10.1. Union/FIND¶
10.1.1. Disjoint Sets and Equivalence Classes¶
Sometimes we have a collection of objects that we want to divide into separate sets.
10.1.2. Approach¶
Each object initially is a separate node in its own tree.
When two objects are “equivalent”, then add them to the same tree.
Key question: Given two nodes, are they in the same tree?

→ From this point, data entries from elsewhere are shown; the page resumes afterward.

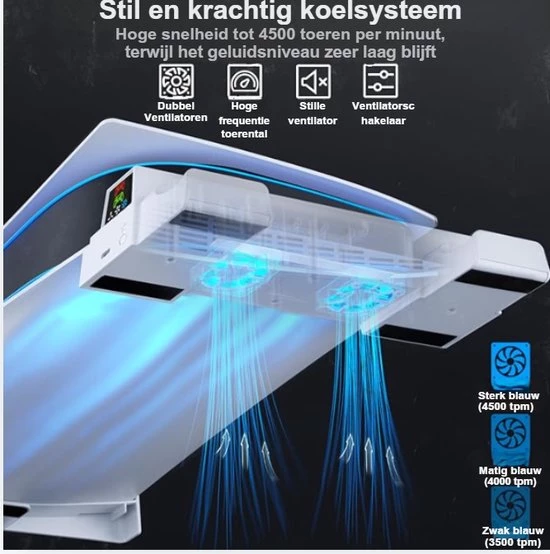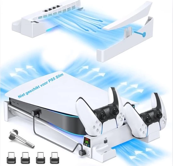 Het compacte en stijlvolle ontwerp van de ventilator past perfect bij de strakke look van de PS5. Het is niet alleen functioneel, maar ook een esthetische aanvulling op je gaming-setup.
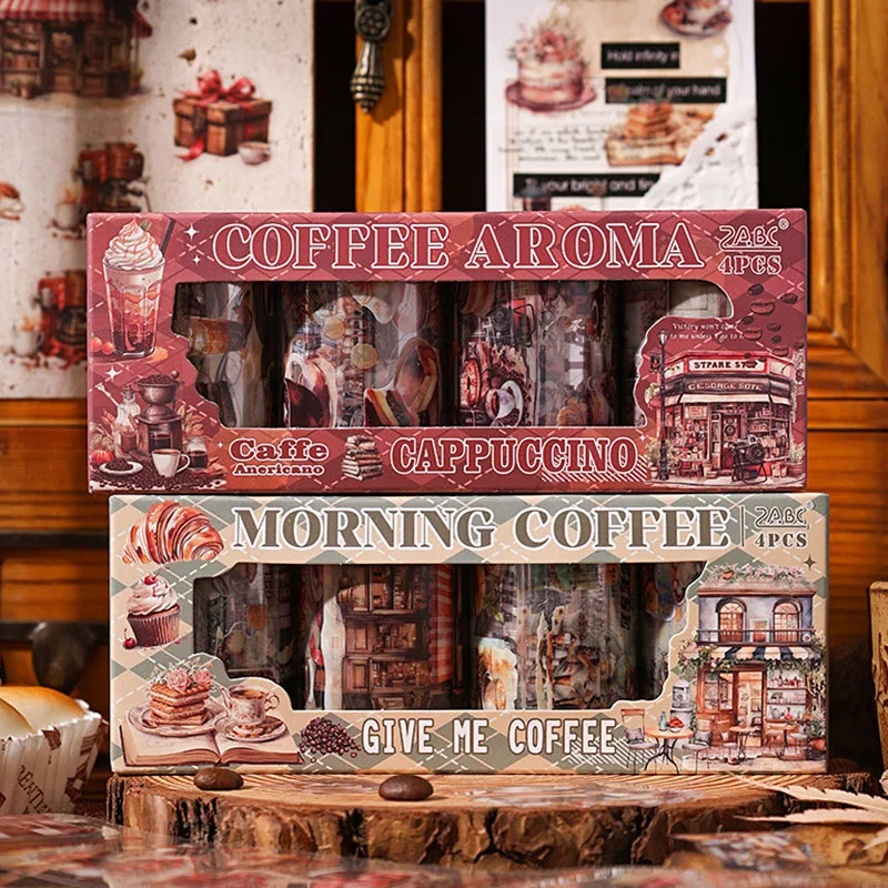 4 Bände – Midday Coffee Retro-PET-Basisheft im europäischen Stil, dekoratives Materi...
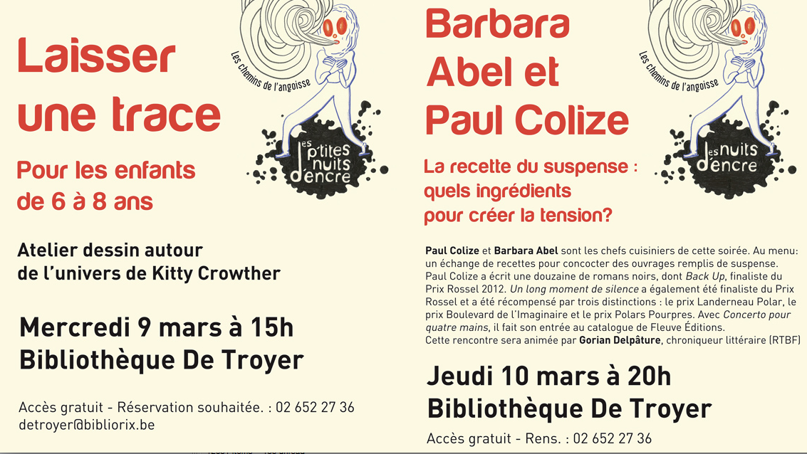 Barbara Abel explore les chemins de l’angoisse dans ses romans policiers, genre littéraire exigeant où elle s’illustre aux côtés de ses amis écrivains qui participent au festival. Kitty Crowther, auréolée en 2010 par le prestigieux prix Astrid Lindgren pour l’ensemble de son œuvre, raconte et illustre des histoires belles et étranges, dans des albums troublants que nos enfants adorent.
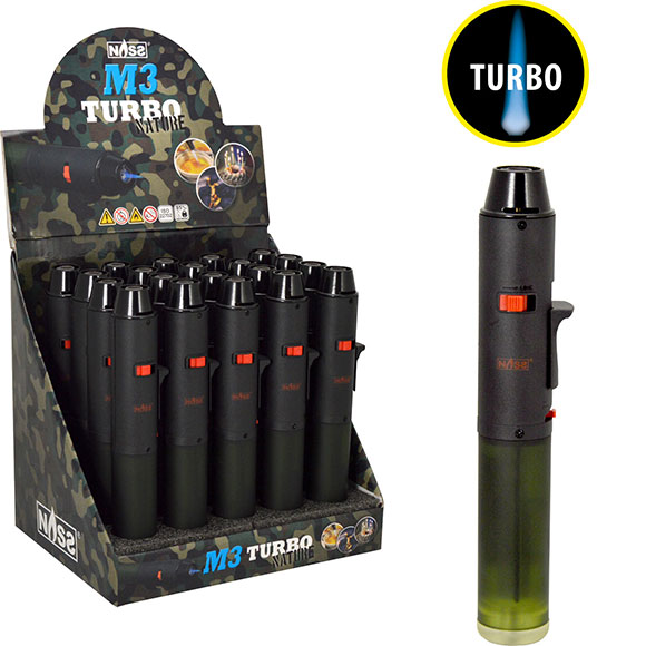 Grote aansteker met een blauwe jetvlam in donker khaki. 20 stuks gesorteerd in een display. Navulbaar.
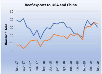2019/20農業(yè)年前兩周阿根廷工廠已經發(fā)運了1847噸希爾頓牛肉,比巴拉圭全年發(fā)運的量還多一倍,也達到了烏拉圭配額量的30%,不過還需要觀察在國際價格下跌、對美元匯率貶值以及本地消費減少的情況下市場會如何發(fā)展。
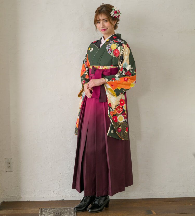 今人気のレトロモダン、鮮やかな着物に茶色の袴で清楚な印象を与えます。ビタミンカラーの着物との相性が非常によく、上品な色使いは、オシャレ女子に必見!
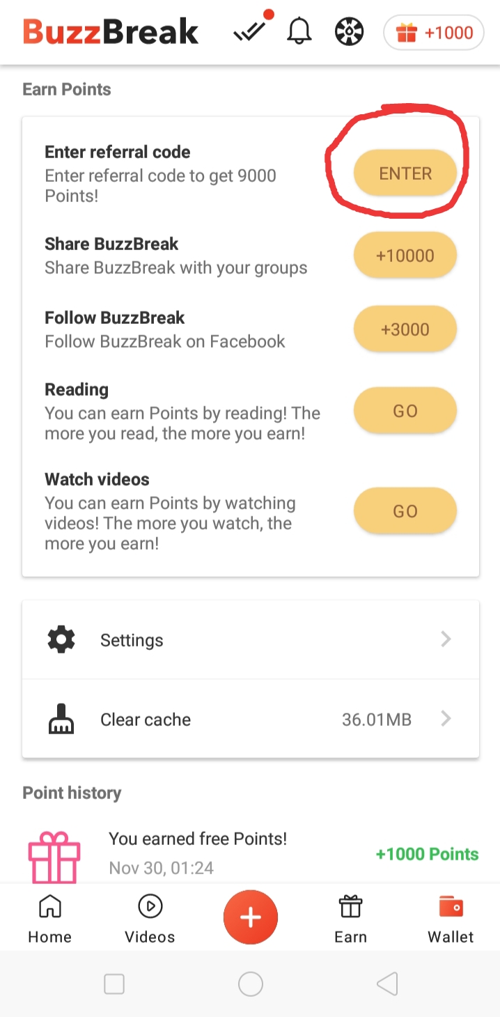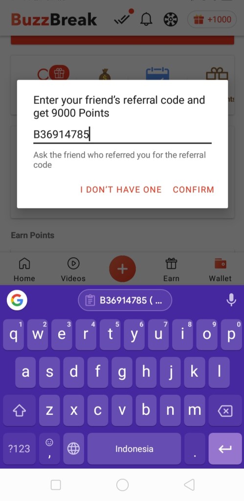 Inter reFeral code agar mendapatkan point’ yang nanti bisa di tuker pulsa atau uang, lihat gambar yang di bawah, Ingat code refferal code point’ : B36914785
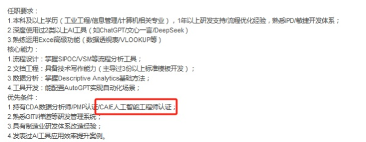 对技术人员来说,CAIE是晋升加速器,帮你补齐AI技能短板,从普通工程师升级为复合型人才。
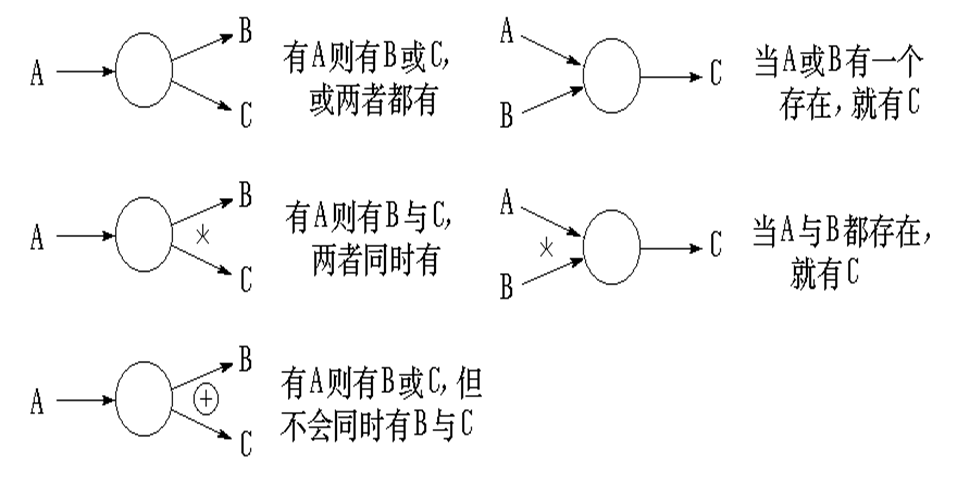有这个小“火”标志的就好似一个“并”,不然就默认的是两个“或”。“⚪ + ”就是“不可能同时”
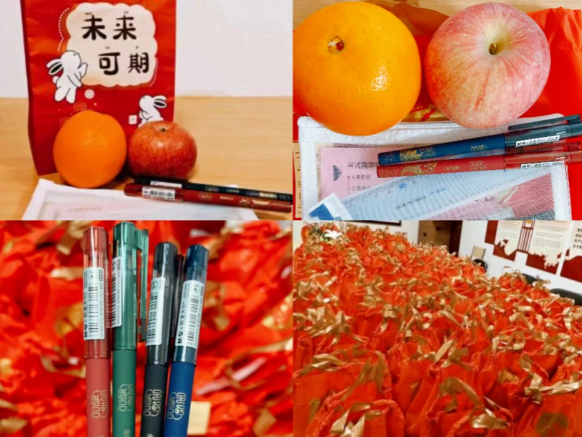 印有“未来可期”字样的礼袋中有脐橙、文具套装、印有“一举夺魁”“旗开得胜”“鲤跃龙门”等字样的故宫文化联名金榜题名笔、苹果等,“红红火火”的手提袋承载着“未来可期”“好运满满”的祝福,金色的橙子预祝所有考研学子一举“橙”名、马到“橙”功、“‘橙’功上岸”,苹果寓意考研学子“苹”步青云、“苹”安顺遂、一马“苹”川出成“果”,文具套装祝愿考研学子在考场泼墨挥洒,下笔如有神助,描绘锦绣前程。满满的心意体现了公司对于考生满满的期望与祝福,希望同学们保持积极心态、科学安排作息、注意营养饮食,以最好的状态迎接考试的检验,脚踏实地,一步一个脚印,走向自己期许的未来。
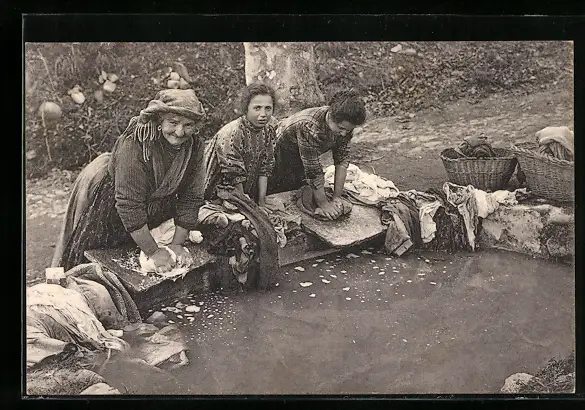 AK Waschfrauen beim Wäschewaschen
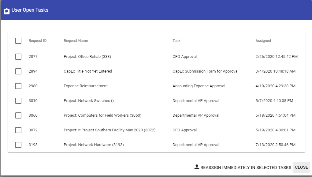 If you need to quickly replace a user who has several open tasks, you can do that right from the Open Tasks window. Simply click on any open tasks that you’d like to replace with your selected replacement user and click “Reassign Immediately in Selected Tasks”.
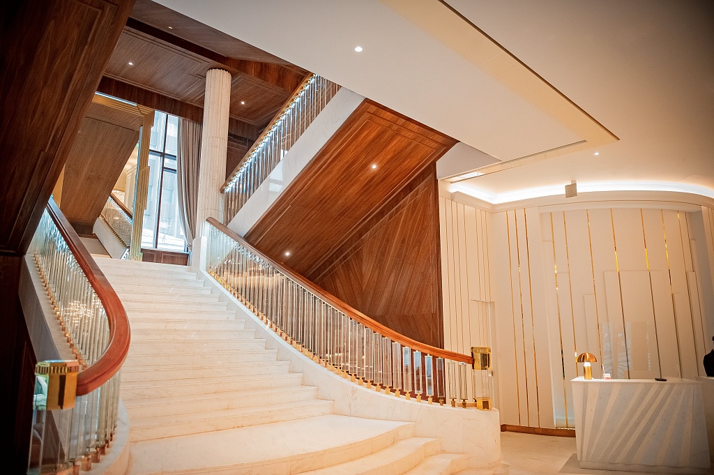ТОМАС ЛОНГА. Я вижу уникальность в двух аспектах. Первый, это интерьеры в стиле ар-деко, который отражен в каждой детали нашего уникального дизайна. Будь то мебель, мраморная лестница, лепнина или элегантные аксессуары. Отмечу и наш флагманский банкетный зал Imperial Plaza (800 кв. м). Представьте роскошное пространство без каких-либо ограничений: нет колонн, а высокие потолки, увенчанные великолепными хрустальными люстрами, уходят ввысь. Да, еще и шестиметровые окна заливают помещение дневным светом. Аналогов такому залу в столичных гостиницах нет.

10.1.3. Parent Pointer Implementation¶
10.1.4. Union/FIND¶
// General Tree implementation for UNION/FIND
public class ParPtrTree {
private int[] array; // Node array
ParPtrTree(int size) {
array = new int[size]; // Create node array
for (int i=0; i<size; i++) {
array[i] = -1; // Each node is its own root to start
}
}
// Merge two subtrees if they are different
public void UNION(int a, int b) {
int root1 = FIND(a); // Find root of node a
int root2 = FIND(b); // Find root of node b
if (root1 != root2) { // Merge two trees
array[root1] = root2;
}
}
// Return the root of curr's tree
public int FIND(int curr) {
while (array[curr] != -1) {
curr = array[curr];
}
return curr; // Now at root
}
}
10.1.5. Weighted Union¶
A key goal is to keep the depth of nodes as shallow as possible (consistent with efficient processing).
Weighted Union rule:
When two trees are unioned, add one with fewer nodes as a child of the root of the tree with more nodes.
Depth is \(O(\log n)\)